LogGPT
Last updated
Copyright Continuum Labs - 2023
This December 2023 paper is a framework for detecting anomalies in log data using a Generative Pre-trained Transformer (GPT) model.
In this stage, a GPT-2 model is trained on a corpus of normal log sequences to learn the underlying patterns and structure of normal system behaviour.
The objective is to train the model to predict the next log key in a sequence given the preceding log keys.
Formally, given a sequence of log keys S1:T, the model is trained to maximise the conditional probability p(kt+1 | S1:t) for each position t.
This allows the model to learn the normal patterns and dependencies between log keys in normal sequences.
After pre-training, the GPT-2 model can generate the rest of a log sequence given an initial subsequence.
The pre-trained GPT-2 model is then fine-tuned using a reinforcement learning approach to enhance its anomaly detection capabilities.
A set of prompts, which are partial log sequences, are fed into the model. The model generates the following log sequences based on these prompts step-by-step.
A novel reward function called the Top-K metric is used to provide feedback and fine-tune the model.
At each step, if the actual next log key is within the Top-K keys predicted by the model, it receives a reward of +1, otherwise it receives -1.
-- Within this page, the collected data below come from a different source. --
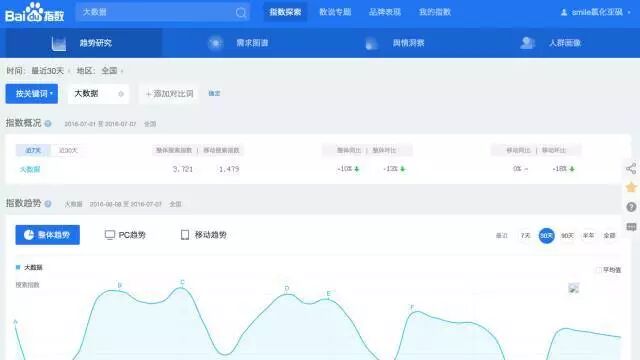 大家都很熟悉的指数查询平台,可以根据指数的变化查看某个主题在各个时间段受关注的情况,进行趋势分析、舆情预测有很好的指导作用。除了关注趋势之外,还有需求分析、人群画像等精准分析的工具,对于市场调研来说具有很好的参考意义。同样的另外两个搜索引擎搜狗、360也有类似的产品,都可以作为参考。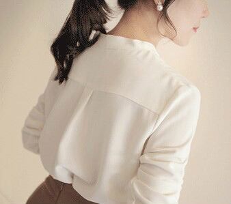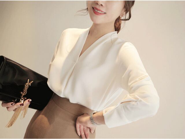 ノーカラーのVネックラインがデコルテをきれいに見せてくれる女性らしいブラウス♪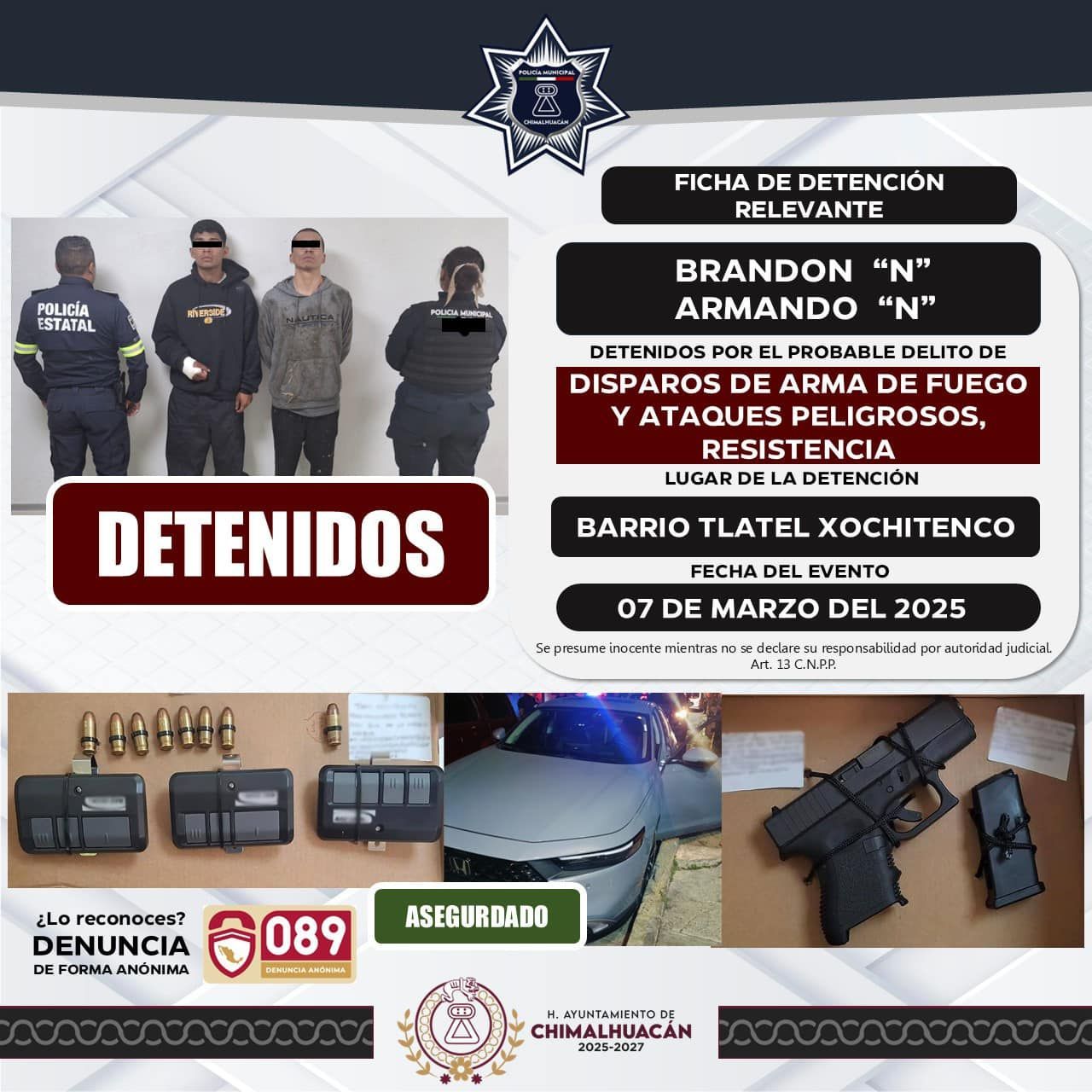 CHIMALHUACAN, MÉX., a 14 de marzo de 2025.- Luego del trabajo conjunto de la Dirección General de Seguridad Ciudadana y Tránsito Municipal de Chimalhuacán y de la policía estatal, Brandon ’N’ y Armando ’N’ fueron detenidos y puestos a disposición de la Fiscalía General del Estado de México por presuntamente dedicarse al robo de vehículos en el municipio. Durante la detención les fueron asegurados un arma de fuego, cartuchos y diversos controles replicadores de frecuencia.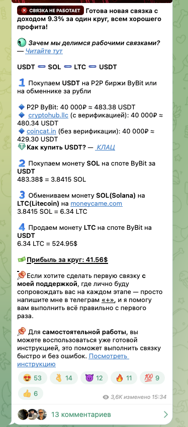 «Контроль курса» — тг-канал, владелец которого предлагает своим подписчикам пользоваться его арбитражными связками. Утверждает, что благодаря им можно получать до 10% прибыли за круг.
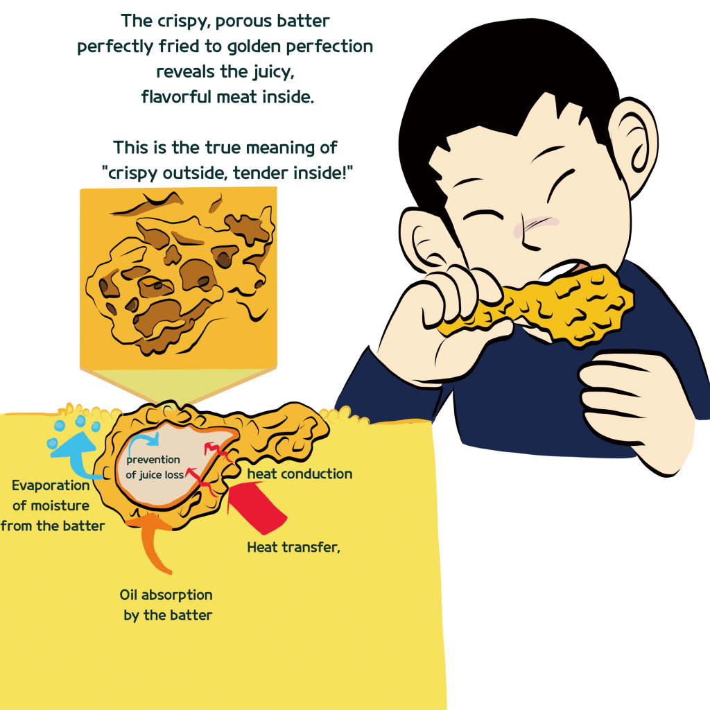 As hot oil penetrates the gaps left by evaporated water in the flour batter, it transfers heat to cook the food inside. The dried batter surface prevents oil absorption and water loss from the food, ensuring a crispy texture. Lower oil temperatures result in less effective water evaporation, leading to soggy textures. Conversely, temperatures above 390°F (200°C) cause rapid dehydration, burning the batter before the food cooks.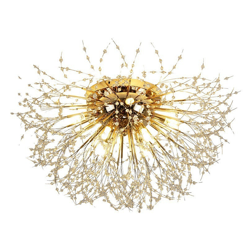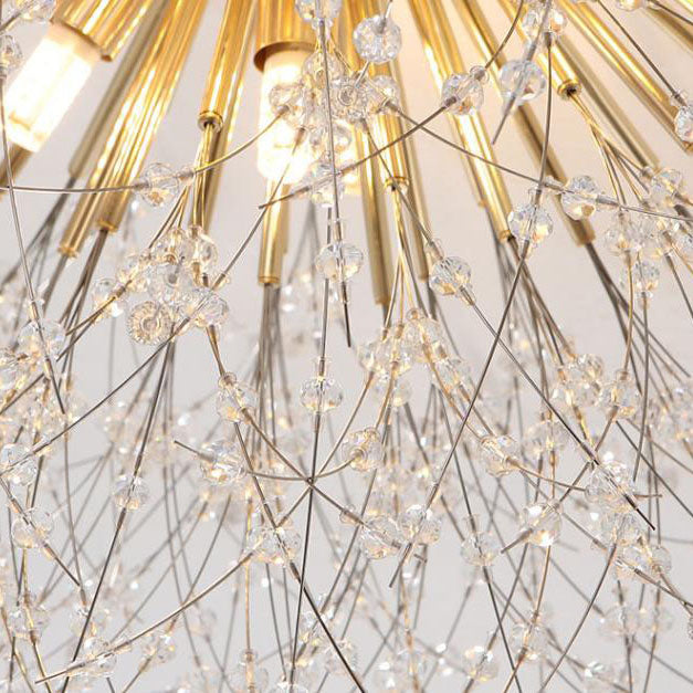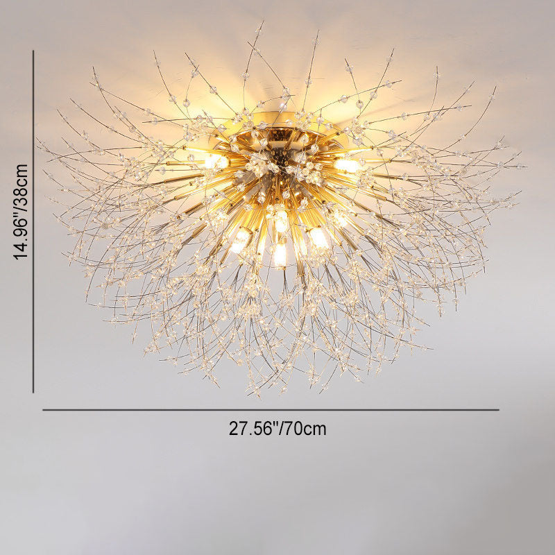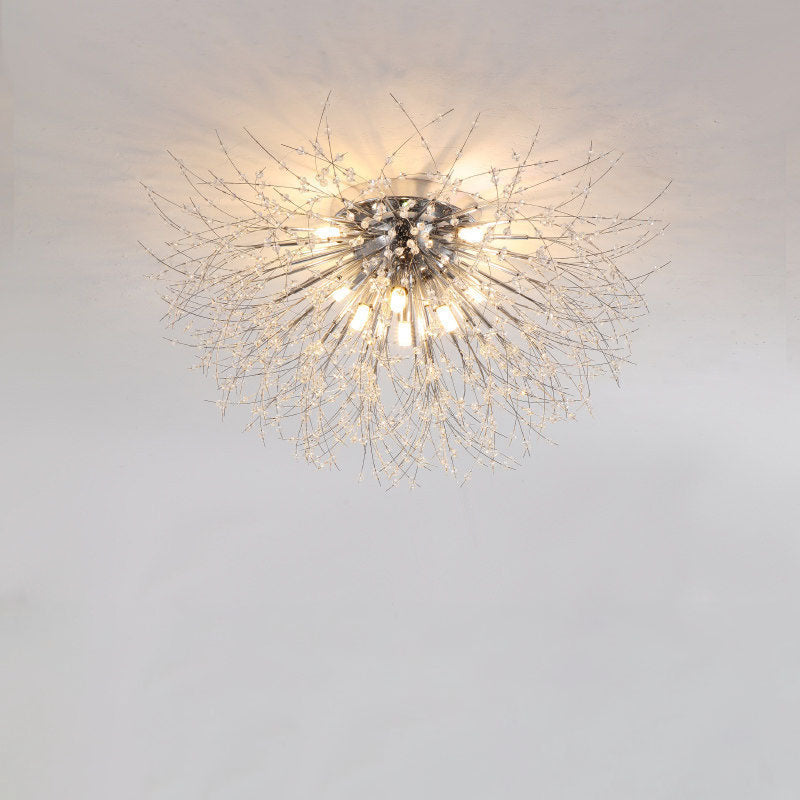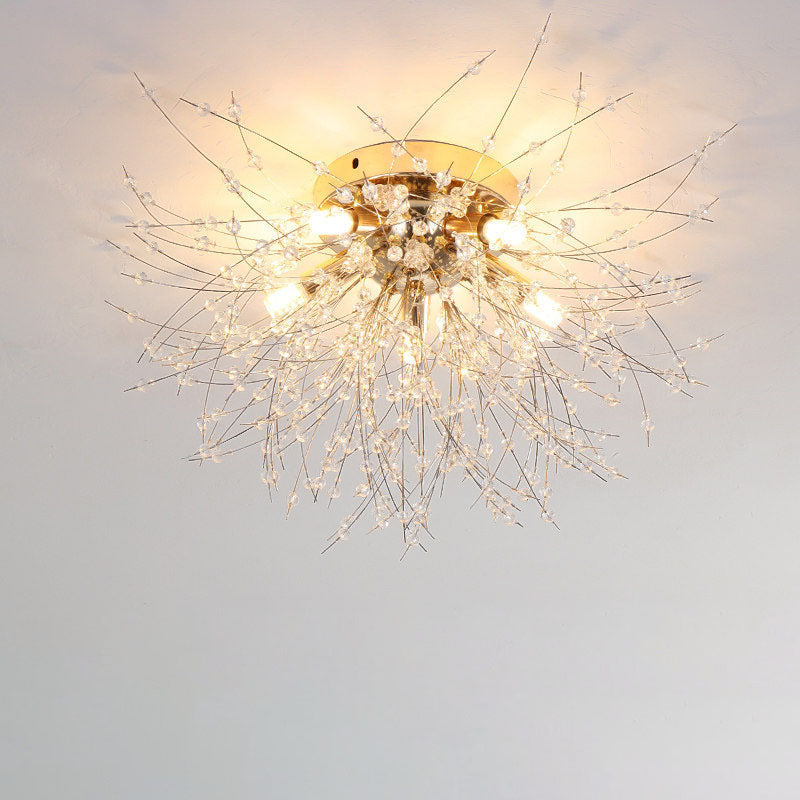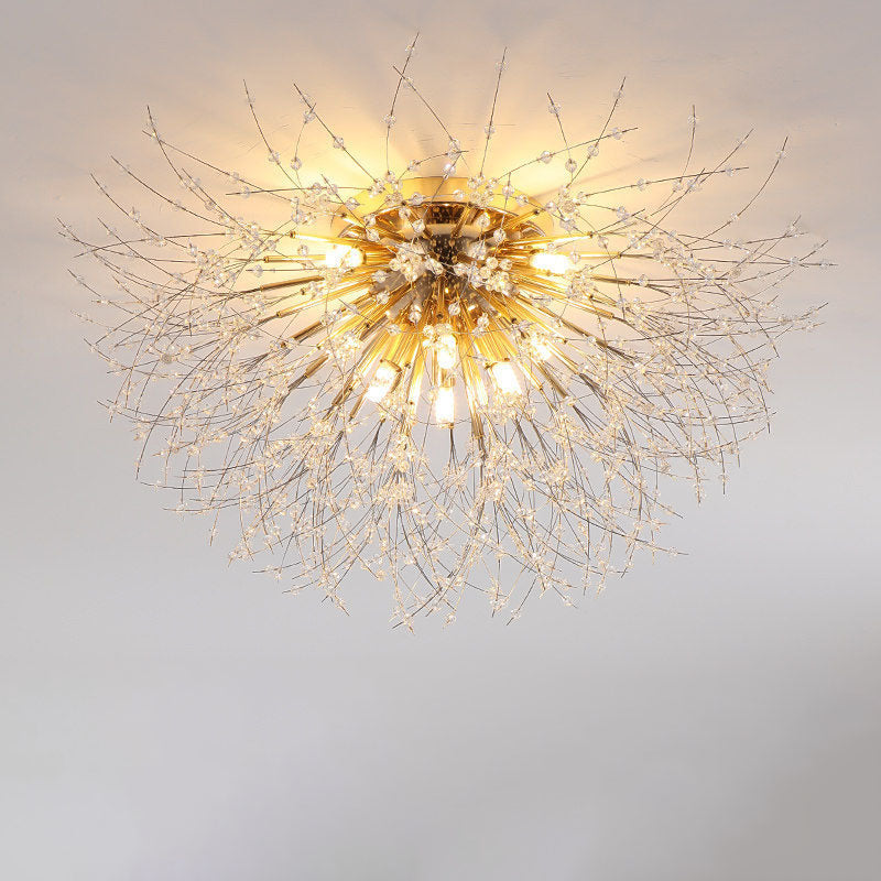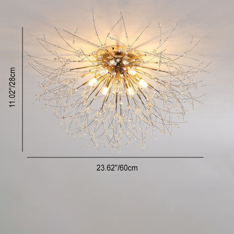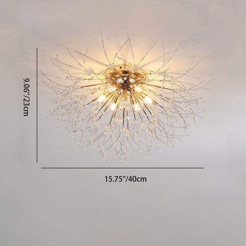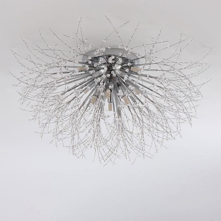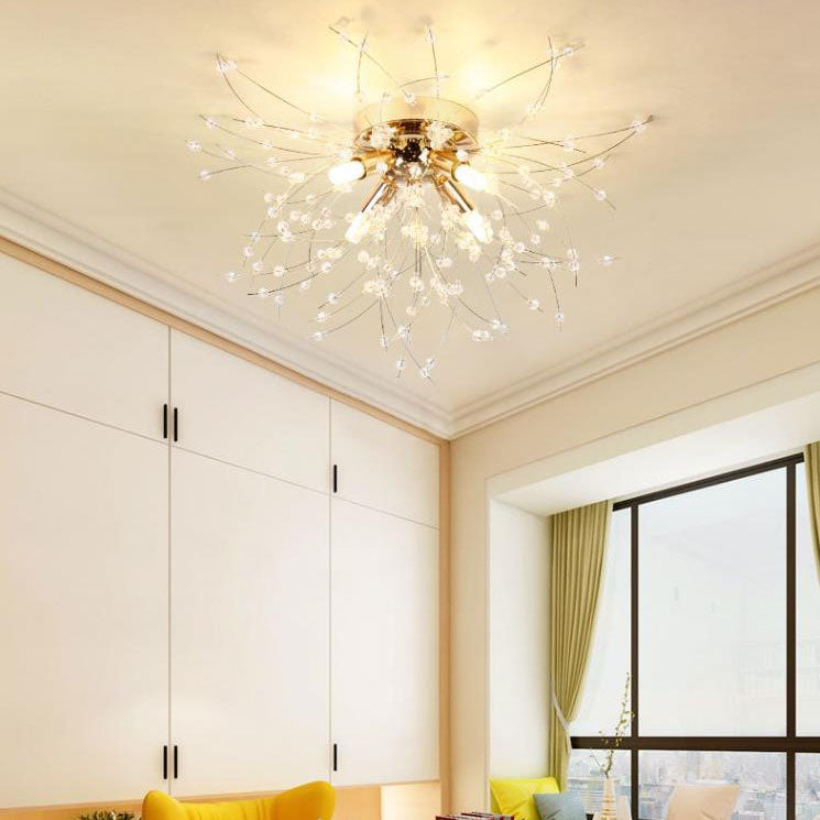 Modern Art Deco Crystal Beads Dandelion Aluminum Strip Shape 4/5/6/8-Light Semi-Flush Mount Ceiling Light For Living Room

This reward encourages the model to rank the actual log key in the Top-K predictions for normal sequences.
Proximal Policy Optimization (PPO) is used to update the policy (GPT-2 model) based on this reward to maximize expected reward.
Fine-tuning with this Top-K reward metric helps bridge the gap between the language modeling objective in pre-training and the anomaly detection goal.
For anomaly detection, the fine-tuned LogGPT model predicts the next log key given a sequence. If the actual next log key is not in the Top-K keys predicted by the model, the sequence is flagged as anomalous.
The key ideas are:
Using the powerful GPT-2 architecture to model log sequences and their dependencies
Pre-training to learn normal log patterns via a language modeling objective
Fine-tuning the model with a novel Top-K reward using reinforcement learning to tailor it for anomaly detection
The experiments evaluated LogGPT against various baseline methods, including traditional machine learning models like PCA, iForest, OCSVM, and LogCluster, as well as deep learning models such as DeepLog, LogAnomaly, OC4Seq, LogBERT, and CAT.
The evaluation was conducted on three log datasets: HDFS, BGL, and Thunderbird.
The results show that LogGPT significantly outperformed all the baselines across the three datasets, achieving the highest F1-scores.
An ablation study also demonstrated that the reinforcement learning component contributes significantly to LogGPT's performance.
The impact of the Top-K ratio and training data size on LogGPT's performance was analysed.
Overall, the experimental results were very positive, showing that:
LogGPT consistently achieves state-of-the-art performance on log anomaly detection tasks compared to a range of baselines
The reinforcement learning fine-tuning with the Top-K reward metric provides significant performance gains
LogGPT is robust across different dataset sizes and characteristics
Performance improves with more training data
In summary, the extensive experiments validate the effectiveness of the LogGPT approach for log anomaly detection, with the model outperforming existing methods by significant margins on multiple datasets.
The results strongly support the key innovations in LogGPT's architecture and training methodology.